According to an embodiment, the acquisition module 241 may acquire multi-modal data including at least two types of data among image data, speech data, and text data related to test subjects (users). The acquisition module 241 may generate image data, speech data, and text data based on videos recorded (audio and video) during a diagnosis process of each user (test subject). The image data may be a video image that includes user's facial expressions and body movements recorded during the diagnosis process. The speech data may be a result of digital conversion of user's speeches recorded during the diagnosis process. The text data may be data obtained by converting writing or speech recorded during the diagnosis process into text. Additionally, the text data may further include data recorded on the user's social networking services.

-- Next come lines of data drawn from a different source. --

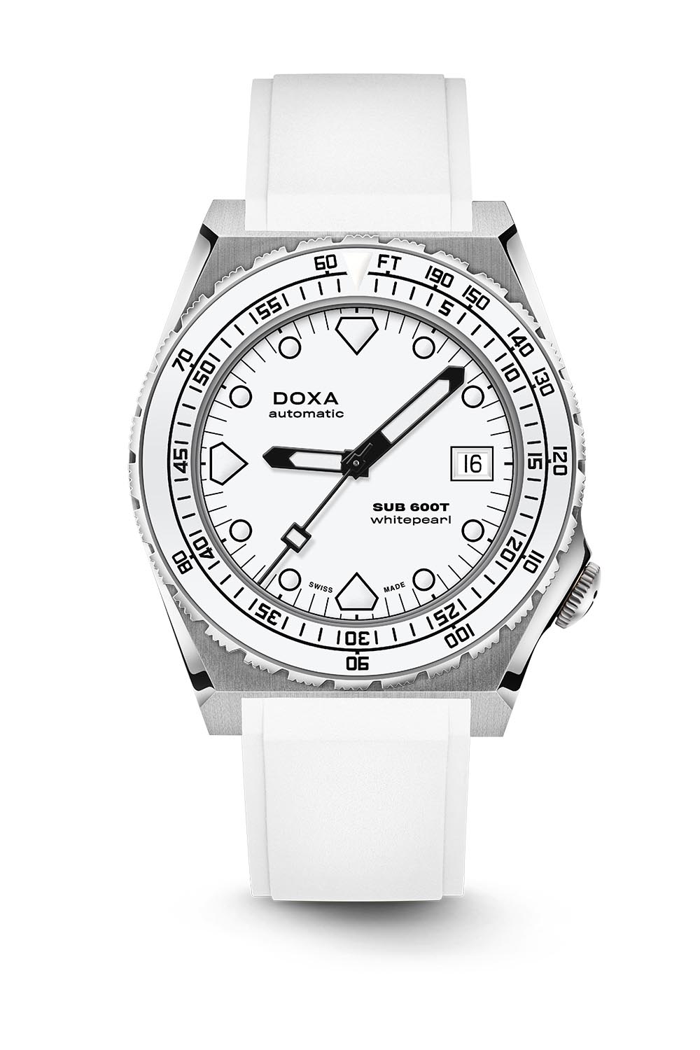 Doxa has embraced the colour white for the summer of 2022 with a series of Whitepearl watches across its collections. With five new releases all with stark white dials, we take a closer look at the Sub 600T Whitepearl. The Sub 600T was reintroduced last year in a titanium limited edition first, and a complete collection of 24 references in steel later. This rugged dive watch comes with a chunky steel case, white dial, steel or white ceramic bezel and rubber strap or steel bracelet. So, even within the SUB 600T Whitepearl sub-collection, you can choose from four different combinations, priced between EUR 1,350 and EUR 1,490. To us, the go-to look would be an all-white model with a white dial (obviously), a white ceramic bezel, and a white rubber strap.
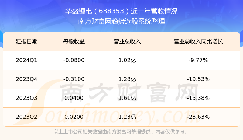 华盛锂电发布2024年第一季度财报。实现总营收1.02亿元,同比增长-9.77%;扣非净利润同比增长-918.88%至-2314.91万元。
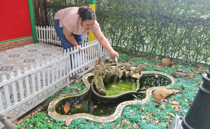 จิตอาสาเก็บเศษใบไม้บริเวรสนามเด็กเล่น
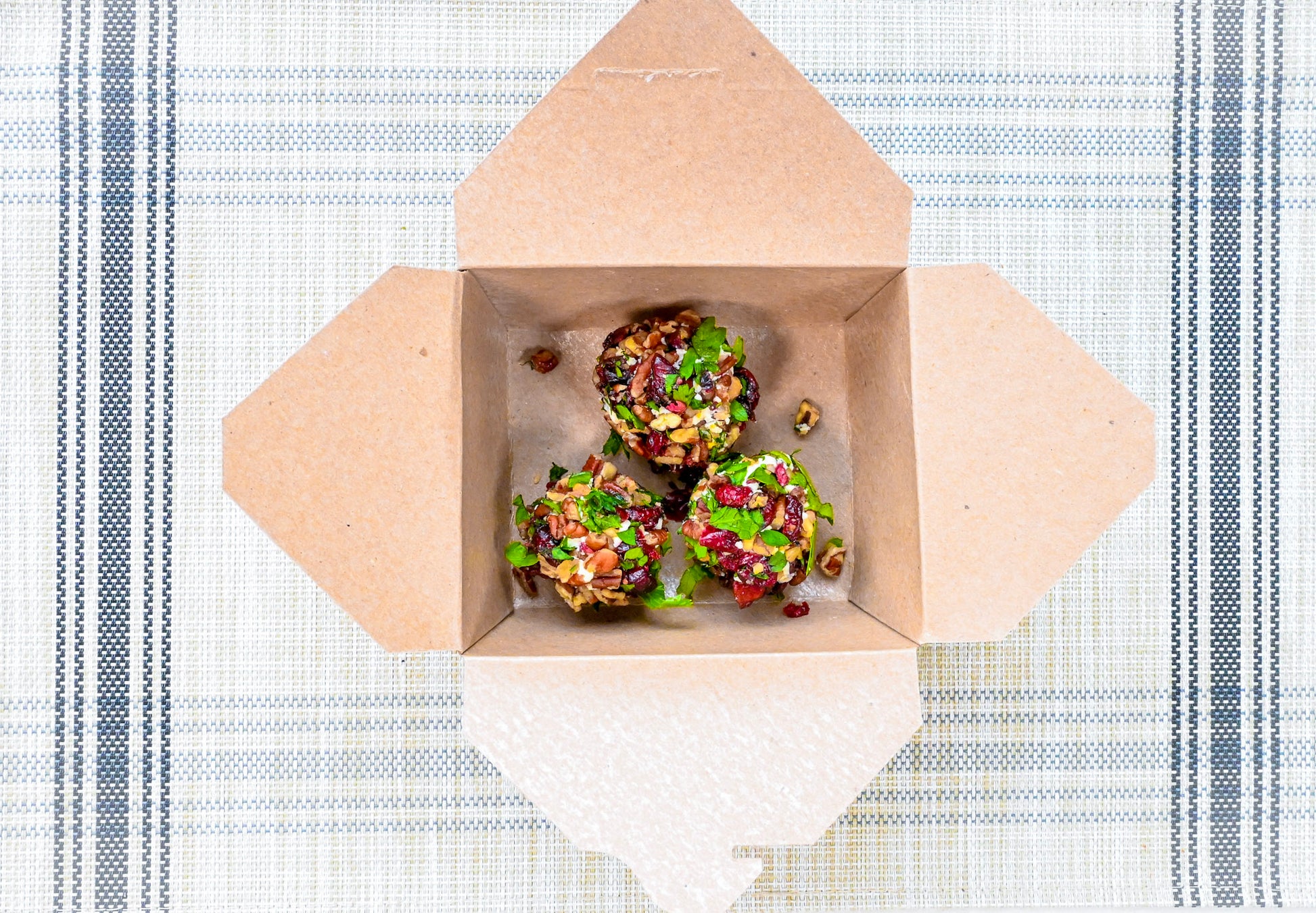 5 Truffles made with goat cheese, honey, orange, basil and sea salt.. Rolled in crushed maple glazed pecans, dried cranberries and parsley
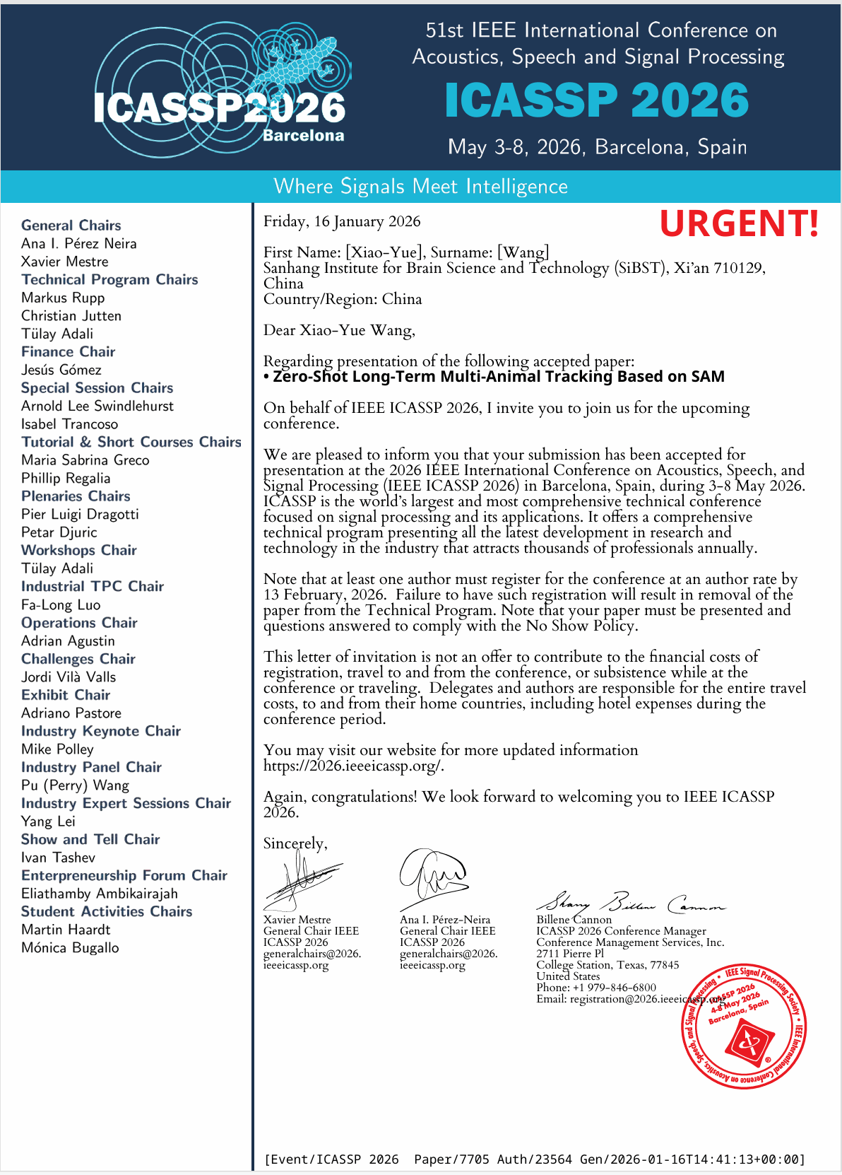 近日,2026国际声学、语音与信号处理年会(IEEE ICASSP 2026)发来录用通知,我院三航脑科学与脑技术研究中心和柔性电子研究院合作的关于多动物行为分析的最新研究成果《基于SAM的零样本长时多动物追踪》(Zero-Shot Long-Term Multi-Animal Tracking Based on SAM)被正式录用。
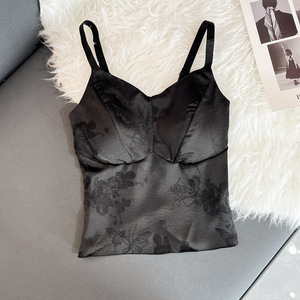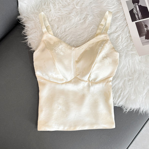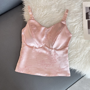 サテンジャカード新中国風サスペンダーレディース胸パッド付き美しい背中夏インナーベスト外国風痩身下着
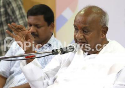Photo Caption : Former PM and JDS Supremo, HD Devegowda, addressing press conference during the meet the press programme at Press Club, in Bengaluru on Wednesday 2nd May 2018
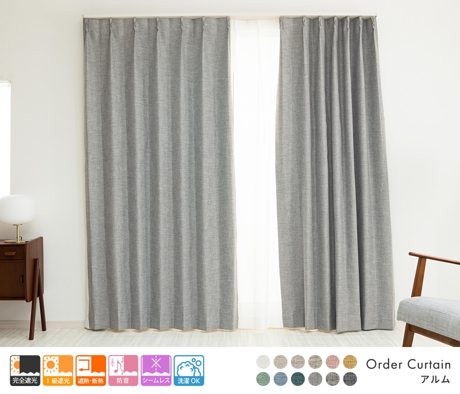 3層構造で軽く柔らかい完全遮光カーテン「アルム」ライトグレー
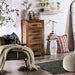 GALANTHUS Chest, 23 1/2"L X 17"W X 45 1/4"H, 93.44lbs. Variations in the wood grain color make this five-drawer chest a handsome addition to any rustic room decor. Made of solid wood mango, the piece is durable and resistance to water damage. The front panel is designed like a picture frame with each corner mitered and joined masterfully for a seamless look. The drawer handles are metal and finished in matte for that trendy barnyard look.
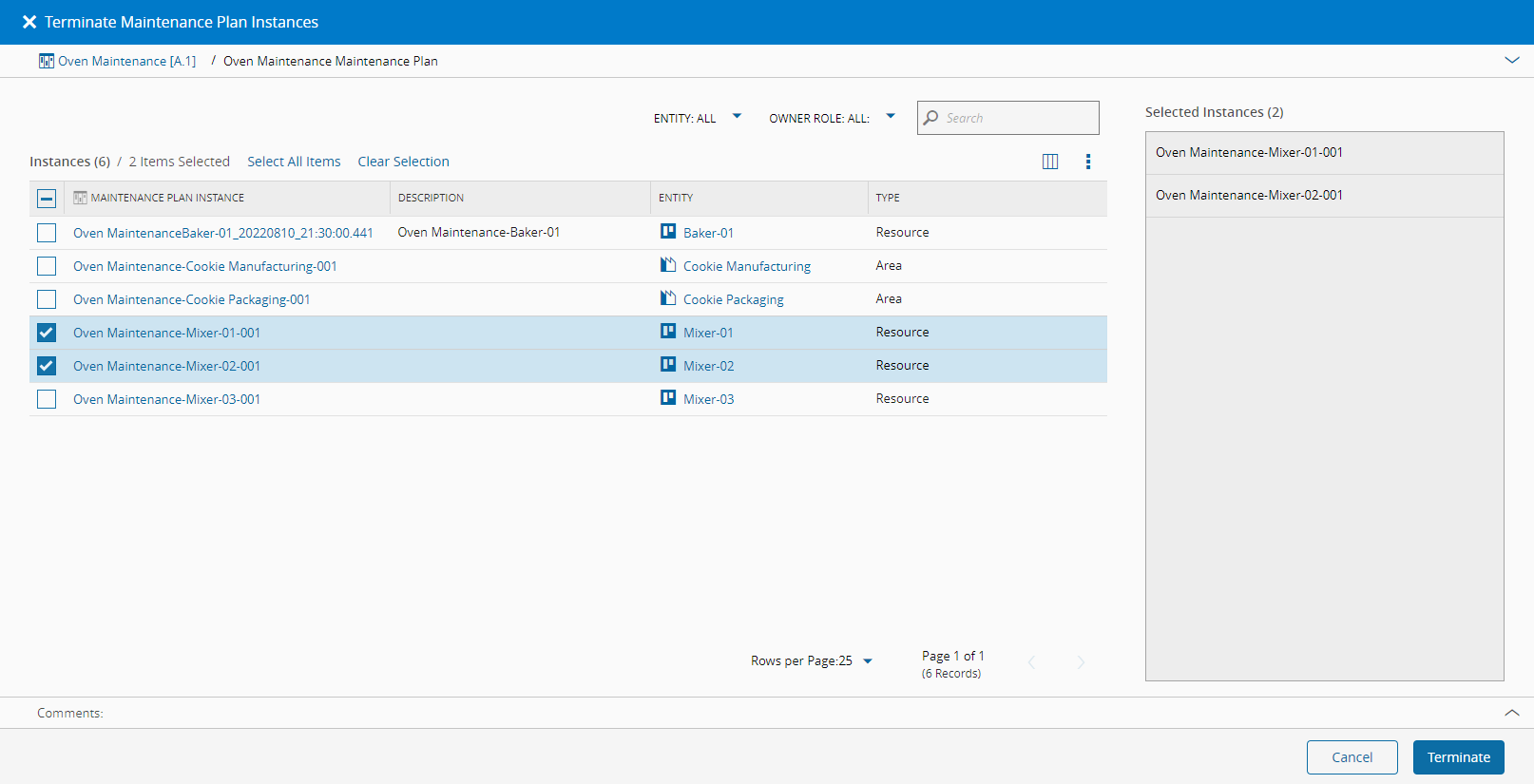 1. Choose the Maintenance Plan Instances that you wish to terminate and select Terminate to perform the operation. All generic/smart table rows that reference the current object will be removed.

In this regard, the processor 240 may receive (or acquire) video data of the user (test subject) who participates in the diagnosis process through the input module 210. Additionally, the processor 240 may further acquire previously written past text data from the user's social networking services through the input module 210. The processor 240 may acquire multi-modal data from the video data and the past text data acquired through the acquisition module 241.

According to an embodiment, the preprocessing module 243 may visualize data that is not image data, such as text data and speech data, among the multi-modal data.

According to an embodiment, the preprocessing module 243 may extract specified emotional keywords (words) from the text data. The preprocessing module 243 may tokenize the emotional keywords extracted from the text data and convert the tokens into images.

For example, the preprocessing module 243 may extract pronouns, nouns, and predicates excluding suffixes and word phrases other than the extracted emotional keywords. The preprocessing module 243 may check the frequencies of appearance of the extracted emotional keywords (nouns, pronouns, and predicates) and the scores of the extracted emotional keywords (nouns, pronouns, and predicates) according to the emotional evaluation dictionary. The preprocessing module 243 may generate a word cloud representing the extracted emotional keywords to correspond to the frequency of appearance and the checked score. For example, the preprocessing module 243 may express the keyword in a larger size and darker color as the frequency of appearance and the checked score increase.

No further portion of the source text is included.